7 Narodnyi Komissariat Finansov SSSR – NarKomFin in 1930s, Ministerstvo Finansov SSSR – MinFin in 1950-1980s.
For the Soviet era we used our assumption for the allocation of the Union budget residual
(consolidated USSR budget minus the sum of all the republican budgets, effectively the USSR
central government budget) between the Republics. The size of consolidated budget of a particular
republic was chosen as a single criterion to define its weight among the other republics in
expenditures of the USSR central government.
The information on execution of the consolidated budget of the Russian Federation has been
provided by the Treasury since 2003 (Federal’noe Kaznacheistvo – Kaznacheistvo Rossii, 2011).
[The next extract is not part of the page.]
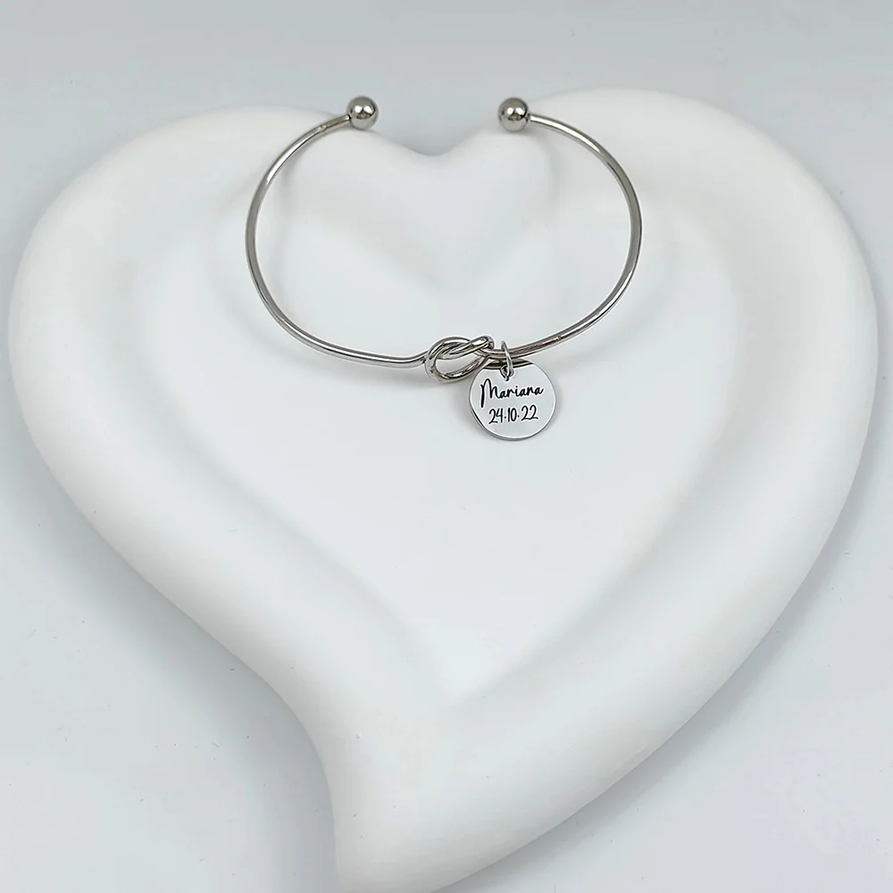 Que ce soit pour offrir à un être cher ou pour vous-même, notre bracelet est un cadeau élégant et empreint de sens. Vous pouvez y inscrire un prénom, un mot d'amour, une date importante ou tout autre message qui vient du cœur. Le message gravé sera un souvenir durable et unique qui rappellera toujours à la personne à quel point elle compte pour vous.

For earlier period (1995-2002) it is reported in various topical volumes of the State (currently
‘National’) Research University Higher School of Economics (SU–HSE). The latter institution also
provided assessment of institutional and private education expenditures in Russia since 1995.
2.6 Book production
Besides literacy, age heaping, enrolment and government finance, another indicator of education is
book production per annum. The two indicators of book production (number of titles, number of
copies) capture codified knowledge production (the former more, the latter less) and consumption
(the latter more, the former less) in terms of natural output. They may be considered as a reliable
proxy for human capital in the long-run before the ICT revolution (i.e. for the entire Soviet period
until 1990s). However they fail to capture the quantity of information and we have no data on text
volume in the books published for an extended period. The evidence provided in Mironov (2003)
suggests that the share of brochures was significantly higher in the FSU than in other countries.
Official publications and propaganda texts are also included into the Soviet-era book statistics while
in other countries they are normally omitted.
Another feature of the book production indicators is that they are sensitive to unfavourable
changes in macroeconomic environment that accompany wars and economic crises. These
indicators have a more rapid and more significant response to such shocks than enrolment and
Nevertheless, books may be considered a useful proxy. Hence, we included them in our
datasets within current country borders. This means that we made allowance for the border changes
in 1929 (Tajikistan split off from Uzbekistan) and in 1936 (Kazakhstan and Kyrgyzstan split off
from Russia), the same way as in educational finance. Similarly, our approach in interpolation or
retropolation of the data consisted in estimating the share of a republic in total expenditures and
then converting it into absolute numbers.
2.7. Labour market (employment and wages)
So far, we discussed literacy and age heaping, attainment, enrolment, and book production. These
data may be considered first order human capital indicators in the sense that, besides corrections for
statistical problems, they do not require further calculations. However, from these underlying data,
we may be able to calculate average years of education (based on population, attainment and
enrolment), and cost- and income-based human capital measures (based on expenditure on
education and wages respectively). Since we already discussed expenditure on education, here we
turn to wages.
The Soviet labour market was strictly regulated throughout the whole period beginning with
the early (1920s) until the late (1966-1991) Soviet era. The most severe restrictions were in effect
from 1940 to 1956 when not only farmers but also all other employees could not change their
employment without permission from the management. For collective farm employees such
restrictions were lifted in 1965. However, excluding the period of mass compulsory labour during
and some time before and after World War II, a typical Soviet worker (both blue- and white-collar)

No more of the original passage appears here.